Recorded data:
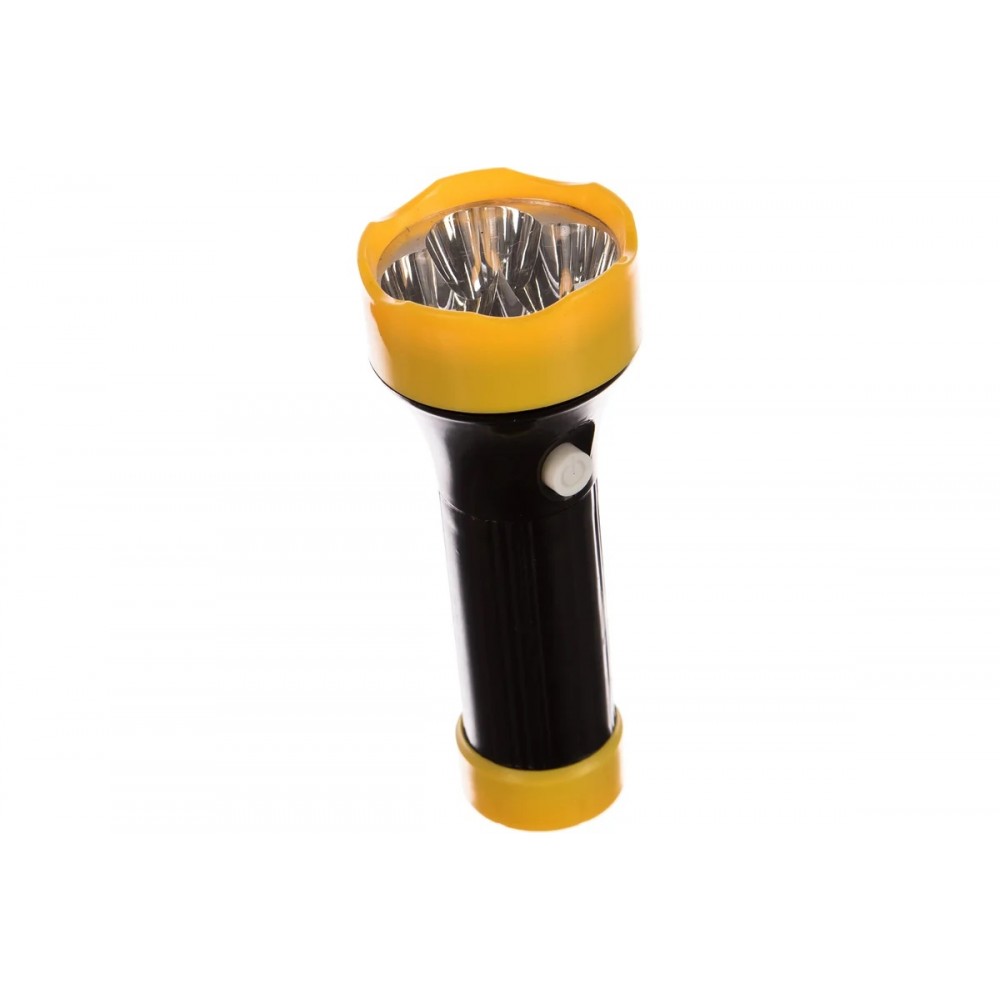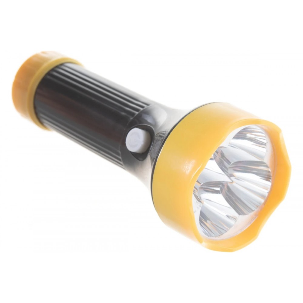 Фонарь Ultraflash электрический светодиодный. Цвет корпуса: желтый + чёрный. Работает от 3 X AAA батареек (не входят в комплект). Материал корпуса - пластик. Источник света - 4 светодиода с рассеивающими линзами с цветовой температурой 8000К с осевой силой света одного светодиода - 1200 милликанделл, суммарный световой поток 20 люмен. Дистанция освещения - до 15 метров. Один режим работы. Выключатель - кнопочного типа.
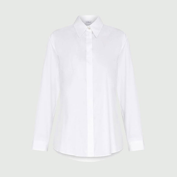 Camicia in popeline di misto cotone stretch, leggermente consumata. Collo a camicia, maniche lunghe con polsino. Chiusura con bottoni nascosti.
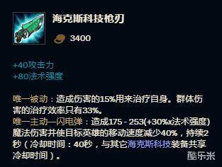 前面的符文推荐中提到过,死歌可以选择贪婪的猎手,这个符文通过参与击杀英雄就能获得技能伤害转化为治疗的效果,与之般配的另一件装备就是海克斯科技枪刃。贪婪的猎手最终可以获得15%吸血,而科技枪同样是15%,这样算起来死歌使用技能就拥有30%的法术吸血能力,再加上时光被动永恒,或许这个打法能让死歌变得跟乌鸦一样难缠。
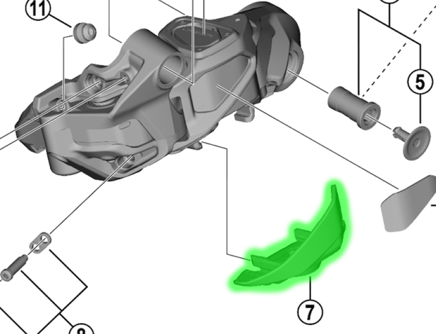 Shimano battery holder for both SGS and GS versions of SHIMANO XTR DI2 RD-M9250 rear derailleurs.
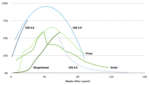 最近有研究指出,Android的版本散亂問題依然嚴重,相對起iOS的升級,Android的升級由於要等待廠商推出,而且有不少的Android機款未能得到最新版本的系統,會立刻轉用新系統的用家不算很多。從上圖中也能看到,iOS用家轉用新版本的速度比Android高很多。有開發者表示,支援到iOS 4已是非常安全,但Android的話就算想用到最新的功能,但又要照顧大量舊版本的用家,實在難以取捨。這個問題也許是Android的結構性問題,不是一時三刻能夠解決。
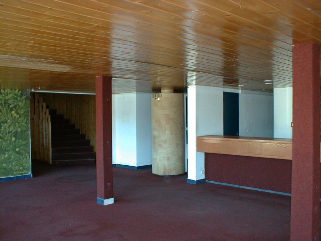 L'hôtel des Trois Arcs comprend 52 chambres (24 m2) dans les 4 niveaux supérieurs, et les parties communes et les services dans les 4 niveaux inférieurs. Le niveau 4 correspond à la restauration (salle à manger et cuisine). Le niveau 3 de plain-pied (du côté de l'amont avec le domaine skiable) correspond à l'accueil. Les 2 niveaux inférieurs abritent caves, locaux techniques, entrée de service côté aval, et des chambres complémentaires ouvertes au nord. Les chambres sont orientées soit au sud (25, 4 m2, profondeur 8, 13 m) , soit au nord (23, 8 m2, profondeur 7, 63 m). La largeur est de 3, 12 m (trame constructive entre murs de refend). Les murs extérieurs sont recouverts d'un essentage de bardeaux de mélèzes.£Le balcon surélevé par rapport au niveau de la chambre permet un meilleur ensoleillement et une vue plus large. Ch. Perriand conçoit l'aménagement intérieur : la banquette intérieure en prolongement du balcon extérieur qui forme un couchage et une marche d'accès au balcon ; les placards penderies, fermés par des portes " respirantes " faites de lames de bois croisées, accompagnés d'un " écritoire " ; le bloc cuisinette placé à l'entrée de la chambre ; les appliques murales pivotantes ; le " range-valises " placé en partie supérieure de l'entrée. "Pour l'équipement des chambres d'hôtel, l'harmonie découlait de la banquette-balcon. Les rangements hauts et bas furent normalisés et fermés par des portes faites de lattes de bois alternées, pour créer une vibration visuelle. Dès l'entrée, une niche était aménagée avec un bloc réfrigérateur surmonté d'une vasque d'eau et de deux plaques électriques au-dessus d'un vaisselier en sapin, avec toute la vaisselle utile pour préparer un délicieux goûter. J'avais sélectionné la literie, les matelas, des produits de la vallée : les tissus de Seez, peaux de mouton ou de vachette et, par la galerie Steph Simon à Paris, mes éternelles chaises paillées" (C. Perriand. " Une vie de création ", p. 340).

> **TASK PROMPT**
Return the stretch of data that begins with the line showing "前面的符文推荐中提到过,死歌" and goes on through the line showing "最近有研究指出,Androi", exactly, with pictures removed.

> **SOLUTION**
 前面的符文推荐中提到过,死歌可以选择贪婪的猎手,这个符文通过参与击杀英雄就能获得技能伤害转化为治疗的效果,与之般配的另一件装备就是海克斯科技枪刃。贪婪的猎手最终可以获得15%吸血,而科技枪同样是15%,这样算起来死歌使用技能就拥有30%的法术吸血能力,再加上时光被动永恒,或许这个打法能让死歌变得跟乌鸦一样难缠。
 Shimano battery holder for both SGS and GS versions of SHIMANO XTR DI2 RD-M9250 rear derailleurs.
 最近有研究指出,Android的版本散亂問題依然嚴重,相對起iOS的升級,Android的升級由於要等待廠商推出,而且有不少的Android機款未能得到最新版本的系統,會立刻轉用新系統的用家不算很多。從上圖中也能看到,iOS用家轉用新版本的速度比Android高很多。有開發者表示,支援到iOS 4已是非常安全,但Android的話就算想用到最新的功能,但又要照顧大量舊版本的用家,實在難以取捨。這個問題也許是Android的結構性問題,不是一時三刻能夠解決。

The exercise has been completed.